Archive for the 'Software development' Category

November 17th 2009

Getting back on track

Yes, I’m alive.

Since the second half of last summer I’ve been inactive in the Free Software arena. No commits, no emails from me in the last few months which may indicate that the projects are dead. So I wanted to write to let you know that I have no plans to stop maintaining any of my projects. I will start to catch up with all the things I’ve missed in the projects I normally contribute to and the projects I develop alone.

The reason why you’d heard nothing from me is that I left Spain to move to Oxford, in order to work at the cool company behind 2degreesnetwork.com. The removal was the most time-consuming and stressful thing I’d ever done, but after one month working here, I’m happy to say that it was worth it. The atmosphere is just like I thought Web 2.0 companies were, and I am surrounded by nice and talented people. I can’t be happier.

Well, back to the projects, I had to wait a lot to get access to the Internet at home, but I got it a couple of weeks ago and have been catching up (slowly) with the pending stuff. I still have a huge stack of unanswered emails, for example.

For the last couple of weeks I was working fulltime on repoze.what 1.1 and repoze.what-django. I hope to finish the documentation and get the first alpha releases out very soon; the code itself is pretty much ready and, as usual, fully tested. I didn’t have plans to do a repoze.what 1.1 release anytime soon, but while developing repoze.what-django I found myself implementing something which would be useful outside Django (i.e., ACLs) and thus I decided to move it to repoze.what.

After that, I want to improve the auth documentation in TurboGears 2. repoze.what-pylons is the crucial part of the repoze.what integration in TG2 and it’s fully documented, but duplicating part of those docs won’t do any harm and adding some tips and tricks would be nice. I started doing that some months ago but never committed it; I have to finish it this time.

Then I’d like to make repoze.what-pylons take advantage of the new features in repoze.what 1.1, like repoze.what-django already does.

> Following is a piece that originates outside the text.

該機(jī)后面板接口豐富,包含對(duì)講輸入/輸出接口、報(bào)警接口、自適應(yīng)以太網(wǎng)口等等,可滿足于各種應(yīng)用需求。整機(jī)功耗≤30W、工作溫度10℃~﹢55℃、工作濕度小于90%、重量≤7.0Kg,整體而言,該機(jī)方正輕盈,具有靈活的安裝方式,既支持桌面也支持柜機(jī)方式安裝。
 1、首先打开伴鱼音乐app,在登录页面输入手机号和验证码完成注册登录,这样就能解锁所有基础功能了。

That’s it for the foreseeable future. Next year I really want to get serious with Booleano and PyACL.

No Comments yet »

July 29th 2009

Koren’s SVD++ Python Implementation

I recently had to implement a recommender system for the Netflix Prize. Out of the best known models, I chose Yehuda Koren’s SVD++ model as published on the paper entitled “Factorization Meets the Neighborhood: a Multifaceted Collaborative Filtering Model” (the version that doesn’t take into account temporal effects; I’d have implemented the complete model, but couldn’t due to time constraints).

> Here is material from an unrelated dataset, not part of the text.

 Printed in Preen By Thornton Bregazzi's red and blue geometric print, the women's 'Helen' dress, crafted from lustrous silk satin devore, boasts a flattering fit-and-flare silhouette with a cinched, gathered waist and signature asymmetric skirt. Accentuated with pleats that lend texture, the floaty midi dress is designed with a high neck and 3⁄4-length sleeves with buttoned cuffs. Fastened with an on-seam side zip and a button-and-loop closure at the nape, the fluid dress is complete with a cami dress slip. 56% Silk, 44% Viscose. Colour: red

I named this Python-based project “wooflix” and you can download it from code.gustavonarea.net. It ships with a command-line interface and basic documentation, including the design document.

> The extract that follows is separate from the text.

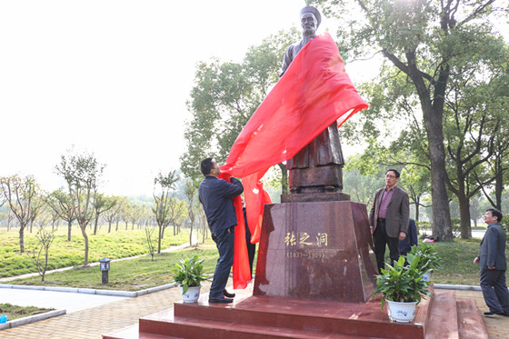 本网讯(大通社记者 董顺 贾维娟)10月24日上午,张之洞雕像落成揭幕仪式在我校樱花园西南侧举行。校长陈兴荣,党委副书记、纪委书记李金奇,党委常委、副校长彭锦,党委常委、校长助理汪晓凌,党委常委王锋出席仪式并一同为张之洞雕像揭幕。李金奇主持仪式。

It’s the first project, as far as I know, that uses Booleano. With it, you can get random movie recommendations and filter them, like this:

# Get 5 movie recommendations for user #7, at least those published after 2001
wooflix recommendations 7 --max="5" --filter="movie:year > 2001"

Keep in mind that I won’t offer support for it; I’m publishing because I thought it might be useful for some people, but I have no intentions to work on it in the future.

1 Comment »

July 17th 2009

Announcing Booleano

I am proud to announce the first alpha release of Booleano, a Python-based interpreter of boolean expressions:

Booleano is an interpreter of boolean expressions, a library to define and run filters available as text (e.g., in a natural language) or in Python code.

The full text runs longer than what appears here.